In your copy, include every line of the records exactly and no picture at all.

-----

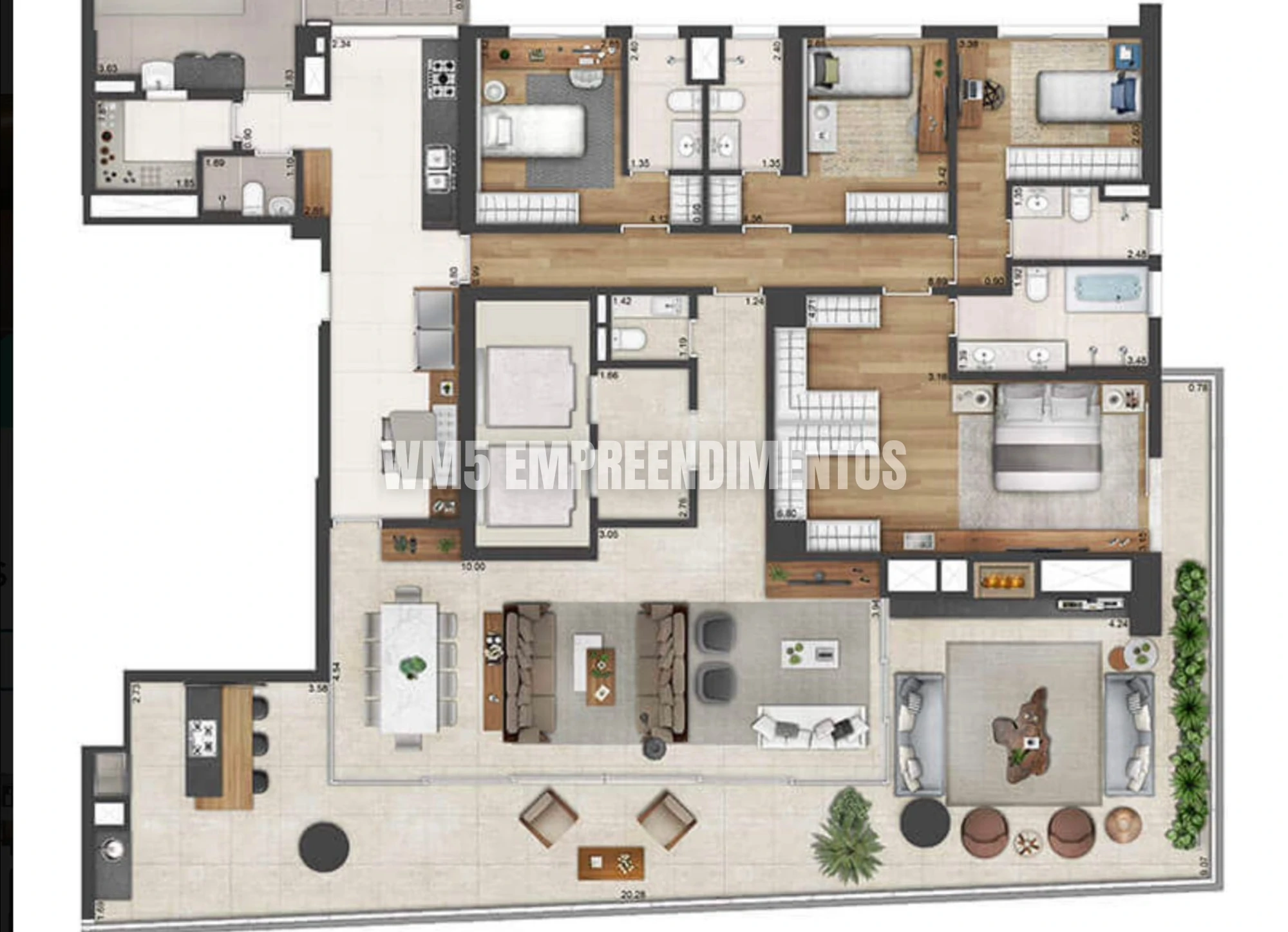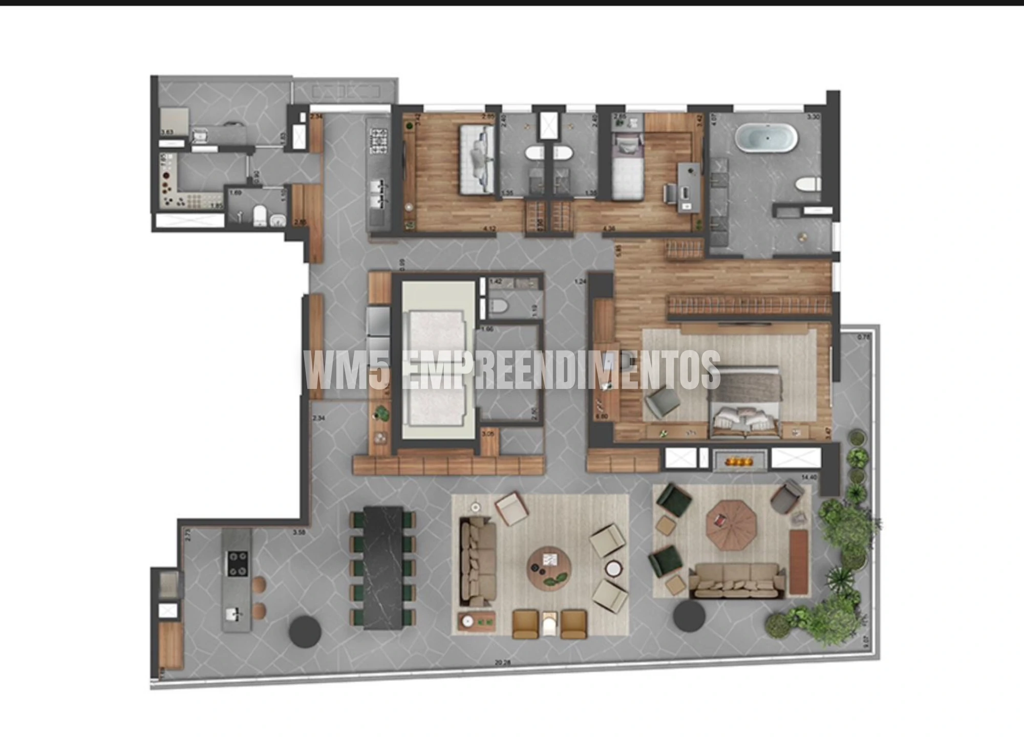 Com 285 m² privativos, a residência é um verdadeiro refúgio urbano. O projeto conta com 3 Suítes amplas, com a versatilidade de reversão para a planta original de 4 suítes, adaptando-se perfeitamente às suas necessidades. O living é grandioso, com ambientes integrados e iluminados, proporcionando uma vista singular da cidade.
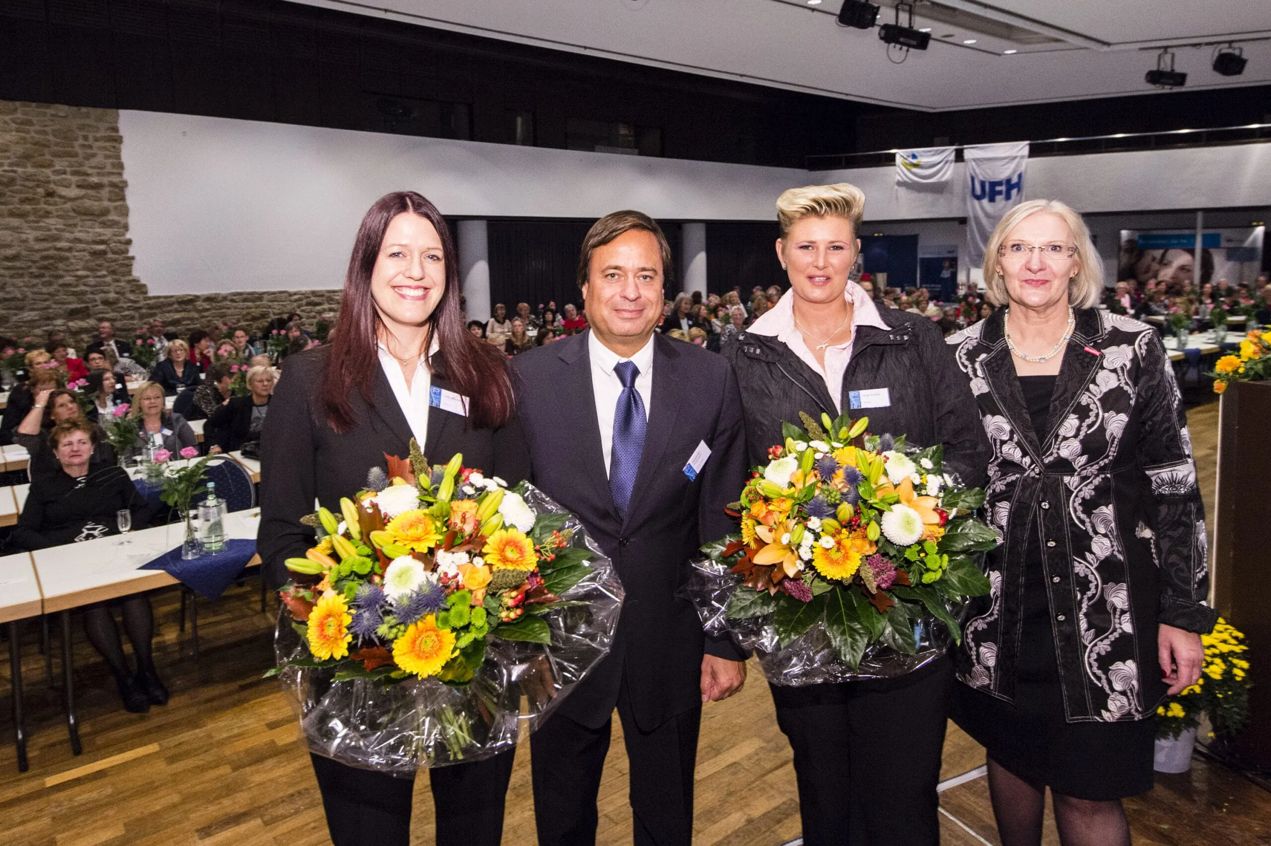 Die beiden Gewinnerinnen „Unternehmerfrau 2013“ mit ihren Paten auf der feierlichen Preisverleihung in Goslar: Gabi Nikoleit (von li.), Verleger Alexander Holzmann, Maja Scholz und Heidi Kluth, Bundesvorsitzende der Unternehmerfrauen im Handwerk.
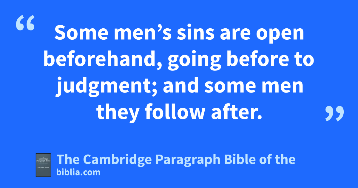 17 Let nthe elders othat rule well pbe counted worthy of qdouble rhonour, especially they who labour in the word and sdoctrine. 18 For tthe scripture saith, uThou shalt not muzzle the ox that treadeth out the corn. And, wThe labourer is worthy of his reward. 19 Against nan elder receive not an accusation, but * xbefore two or three witnesses. 20 Them that sin yrebuke zbefore all, athat others also may fear. 21 bcI charge thee cbefore God, and the Lord Jesus Christ, and the elect angels, that thou observe these things * without preferring one before another, ddoing nothing by partiality. 22 eLay hands eesuddenly on no man, neither fbe partaker of other men’s sins: gkeep thyself pure. 23 Drink no longer water, but use ha little wine ifor thy stomach’s sake and thine often infirmities. 24 Some men’s jsins are kopen beforehand, lgoing before to judgment; and some men they follow after. 25 Likewise also the good works of some are kmanifest beforehand; and mthey that are otherwise cannot be hid.
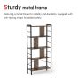 Industrial Storage Shelf Bookcase Closet Floor Standing Display Rack with 5 Tiers, Metal Frame for Living Room & Study, Rustic Brown
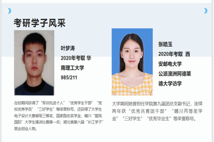 此外,张老师列举了以往考研学姐学长的案例,讲述了他们在大学期间学习和成长的路线,教诲大家合理规划老员工活,有计划、有目标地一步一步向考研成功靠近。
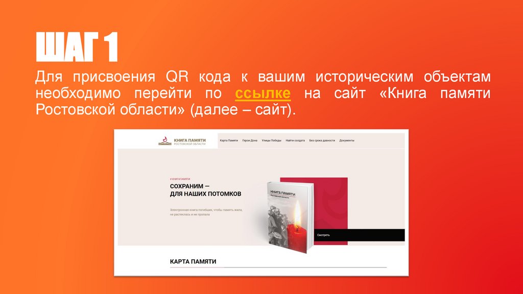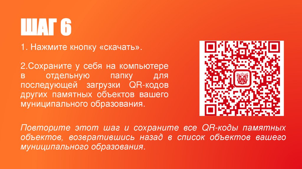 ШАГ 1Для присвоения QR кода к вашим историческим объектам
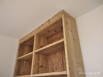 libreria costruita a 3 strati (interno multistrato e rivestita ambo i lati con cartelle di massello di abete vecchio recuperato da parancole da muratore assi di solai antichi, levigate carteggiare restaurate e pressate in modo che resti dritto e bilanciato nel tempo) con misure lunghezza 150 prof.35 h 296 predisposta in 2 vani in cui la parte sotto con zoccolo h 10 cm come pure parte superiore 6 ripiani aggiustabili con ferramenta idonea e schiena posteriore in ABETE MASSELLO nuovo DA 14 MM con fascia alle estremità in modo che non si incurvi nel tempo completo di fascia laterale, finitura cerata e tinta noce scura per lo schienale. mobile già realizzato su commissione di conseguenza non teniamo magazzino ma possiamo riprodurlo uguale o modificando in base alle proprie esigenze iva non comprendente. per domande o dubbi contattateci P.S. disponibili a dare suggerimenti o chiarimenti in merito, per noi conta dare vita al vostro sogno DIRETTAMENTE DAL PRODUTTORE. ASTENERSI RIVENDITORI E COMMERCIANTI
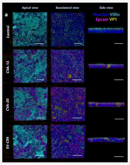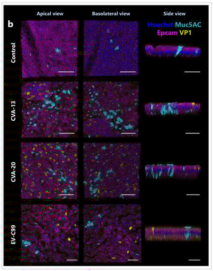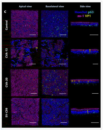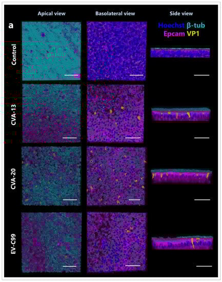 The HIE and HAE cultures used for immunostaining were apically infected with 100 µL of CVA-13 (TCID50/mL = 7.8), CVA-20 (TCID50/mL = 9.1), or EV-C99 (TCID50/mL = 5.5). Inserts were fixed 8 h post-infection with 4% (v/v) formaldehyde (Sigma-Aldrich, St. Louis, MO, USA) for 15 min at RT and stored in PBS at 4 °C. Transwells were then permeabilized with 100% ice-cold methanol (VWR Chemicals, Pennsylvania, USA) for 5 min at RT, followed by three washes with PBS. After permeabilization, the membrane was removed from the insert using a scalpel and placed on a glass slide with 200 µL of SEA BLOCK Blocking Buffer (Thermo Fisher Scientific, Waltham, MA, USA). Following overnight blocking at 4 °C, virus staining was performed by adding two drops of the pan-Enterovirus capsid protein VP1 mouse antibody (D3 Enterovirus Mab Reagent, 01-050000, Quidel, San Diego, CA, USA). After a 1 h incubation at 37 °C, the VP1 antibody was removed, and the membranes were incubated at 4 °C overnight with 100 µL of the primary antibodies diluted in SEA BLOCK Blocking Buffer (see Supplementary Table S1). Following incubation with the primary antibodies, the cultures were washed three times with 1% (v/v) Tween® 20 (Sigma-Aldrich, St. Louis, MO, USA) in Tris Buffered Saline (TBS) (Merck Millipore, Burlington, MA, USA). Membranes were then incubated with 100 µL of the secondary antibodies (see Supplementary Table S1) together with 10 µg/mL of Hoechst 33342 (Thermo Fisher Scientific, Waltham, MA, USA) for nuclei staining for 2 h at RT in the dark. Finally, membranes were mounted using ProLong™ Glass Antifade Mountant (Thermo Fisher Scientific, Waltham, USA), and the slides were imaged with a Leica TCS SP8-X microscope using an HC Plan Apochromat 63× oil objective. After a 0.4 µm thick Z-stacks acquisition, the images were processed with Leica LAS AF Software 4.0.11706 (Leica Microsystems, Wetzlar, Germany), and 3D reconstructions were performed using the LAS-X 3D Software 4.0.11706. At the same time, non-infected membranes were stained as negative controls. Additionally, to ensure the specificity of antibody binding, incubation with secondary antibodies only was also performed.
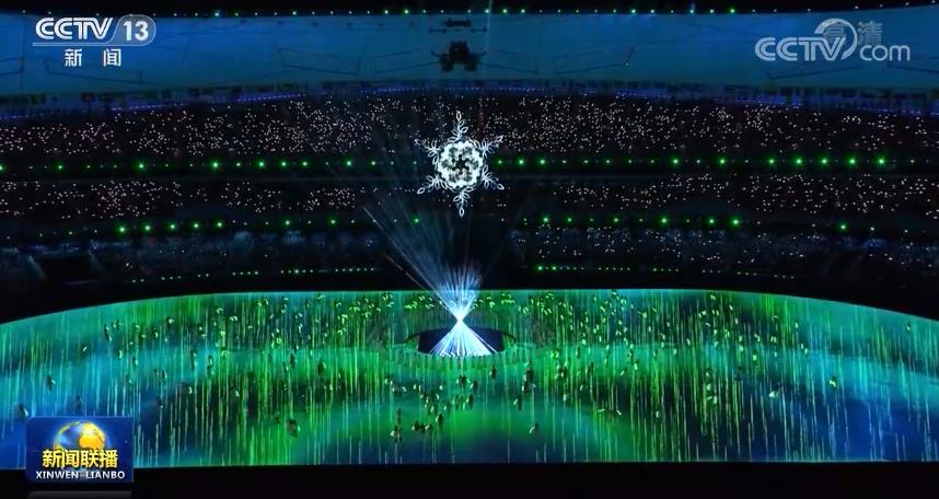 盛會(huì)即將結(jié)束,又到了分別的時(shí)刻。中國古人常折柳送別,寄托思念之情。365名各行各業(yè)、不同年齡的普通人手捧柳枝,匯聚在場地中央,代表一年365天的思念。白色的光束從場地中央亮起,形成一座光的豐碑,承托起主火炬“大雪花”。大屏幕播放短片《2022,有我們!》,記錄下冬奧會(huì)一個(gè)個(gè)溫暖人心的場景。

-----

Answer box:
 Com 285 m² privativos, a residência é um verdadeiro refúgio urbano. O projeto conta com 3 Suítes amplas, com a versatilidade de reversão para a planta original de 4 suítes, adaptando-se perfeitamente às suas necessidades. O living é grandioso, com ambientes integrados e iluminados, proporcionando uma vista singular da cidade.
 Die beiden Gewinnerinnen „Unternehmerfrau 2013“ mit ihren Paten auf der feierlichen Preisverleihung in Goslar: Gabi Nikoleit (von li.), Verleger Alexander Holzmann, Maja Scholz und Heidi Kluth, Bundesvorsitzende der Unternehmerfrauen im Handwerk.
 17 Let nthe elders othat rule well pbe counted worthy of qdouble rhonour, especially they who labour in the word and sdoctrine. 18 For tthe scripture saith, uThou shalt not muzzle the ox that treadeth out the corn. And, wThe labourer is worthy of his reward. 19 Against nan elder receive not an accusation, but * xbefore two or three witnesses. 20 Them that sin yrebuke zbefore all, athat others also may fear. 21 bcI charge thee cbefore God, and the Lord Jesus Christ, and the elect angels, that thou observe these things * without preferring one before another, ddoing nothing by partiality. 22 eLay hands eesuddenly on no man, neither fbe partaker of other men’s sins: gkeep thyself pure. 23 Drink no longer water, but use ha little wine ifor thy stomach’s sake and thine often infirmities. 24 Some men’s jsins are kopen beforehand, lgoing before to judgment; and some men they follow after. 25 Likewise also the good works of some are kmanifest beforehand; and mthey that are otherwise cannot be hid.
 Industrial Storage Shelf Bookcase Closet Floor Standing Display Rack with 5 Tiers, Metal Frame for Living Room & Study, Rustic Brown
 此外,张老师列举了以往考研学姐学长的案例,讲述了他们在大学期间学习和成长的路线,教诲大家合理规划老员工活,有计划、有目标地一步一步向考研成功靠近。
 ШАГ 1Для присвоения QR кода к вашим историческим объектам
 libreria costruita a 3 strati (interno multistrato e rivestita ambo i lati con cartelle di massello di abete vecchio recuperato da parancole da muratore assi di solai antichi, levigate carteggiare restaurate e pressate in modo che resti dritto e bilanciato nel tempo) con misure lunghezza 150 prof.35 h 296 predisposta in 2 vani in cui la parte sotto con zoccolo h 10 cm come pure parte superiore 6 ripiani aggiustabili con ferramenta idonea e schiena posteriore in ABETE MASSELLO nuovo DA 14 MM con fascia alle estremità in modo che non si incurvi nel tempo completo di fascia laterale, finitura cerata e tinta noce scura per lo schienale. mobile già realizzato su commissione di conseguenza non teniamo magazzino ma possiamo riprodurlo uguale o modificando in base alle proprie esigenze iva non comprendente. per domande o dubbi contattateci P.S. disponibili a dare suggerimenti o chiarimenti in merito, per noi conta dare vita al vostro sogno DIRETTAMENTE DAL PRODUTTORE. ASTENERSI RIVENDITORI E COMMERCIANTI
 The HIE and HAE cultures used for immunostaining were apically infected with 100 µL of CVA-13 (TCID50/mL = 7.8), CVA-20 (TCID50/mL = 9.1), or EV-C99 (TCID50/mL = 5.5). Inserts were fixed 8 h post-infection with 4% (v/v) formaldehyde (Sigma-Aldrich, St. Louis, MO, USA) for 15 min at RT and stored in PBS at 4 °C. Transwells were then permeabilized with 100% ice-cold methanol (VWR Chemicals, Pennsylvania, USA) for 5 min at RT, followed by three washes with PBS. After permeabilization, the membrane was removed from the insert using a scalpel and placed on a glass slide with 200 µL of SEA BLOCK Blocking Buffer (Thermo Fisher Scientific, Waltham, MA, USA). Following overnight blocking at 4 °C, virus staining was performed by adding two drops of the pan-Enterovirus capsid protein VP1 mouse antibody (D3 Enterovirus Mab Reagent, 01-050000, Quidel, San Diego, CA, USA). After a 1 h incubation at 37 °C, the VP1 antibody was removed, and the membranes were incubated at 4 °C overnight with 100 µL of the primary antibodies diluted in SEA BLOCK Blocking Buffer (see Supplementary Table S1). Following incubation with the primary antibodies, the cultures were washed three times with 1% (v/v) Tween® 20 (Sigma-Aldrich, St. Louis, MO, USA) in Tris Buffered Saline (TBS) (Merck Millipore, Burlington, MA, USA). Membranes were then incubated with 100 µL of the secondary antibodies (see Supplementary Table S1) together with 10 µg/mL of Hoechst 33342 (Thermo Fisher Scientific, Waltham, MA, USA) for nuclei staining for 2 h at RT in the dark. Finally, membranes were mounted using ProLong™ Glass Antifade Mountant (Thermo Fisher Scientific, Waltham, USA), and the slides were imaged with a Leica TCS SP8-X microscope using an HC Plan Apochromat 63× oil objective. After a 0.4 µm thick Z-stacks acquisition, the images were processed with Leica LAS AF Software 4.0.11706 (Leica Microsystems, Wetzlar, Germany), and 3D reconstructions were performed using the LAS-X 3D Software 4.0.11706. At the same time, non-infected membranes were stained as negative controls. Additionally, to ensure the specificity of antibody binding, incubation with secondary antibodies only was also performed.
 盛會(huì)即將結(jié)束,又到了分別的時(shí)刻。中國古人常折柳送別,寄托思念之情。365名各行各業(yè)、不同年齡的普通人手捧柳枝,匯聚在場地中央,代表一年365天的思念。白色的光束從場地中央亮起,形成一座光的豐碑,承托起主火炬“大雪花”。大屏幕播放短片《2022,有我們!》,記錄下冬奧會(huì)一個(gè)個(gè)溫暖人心的場景。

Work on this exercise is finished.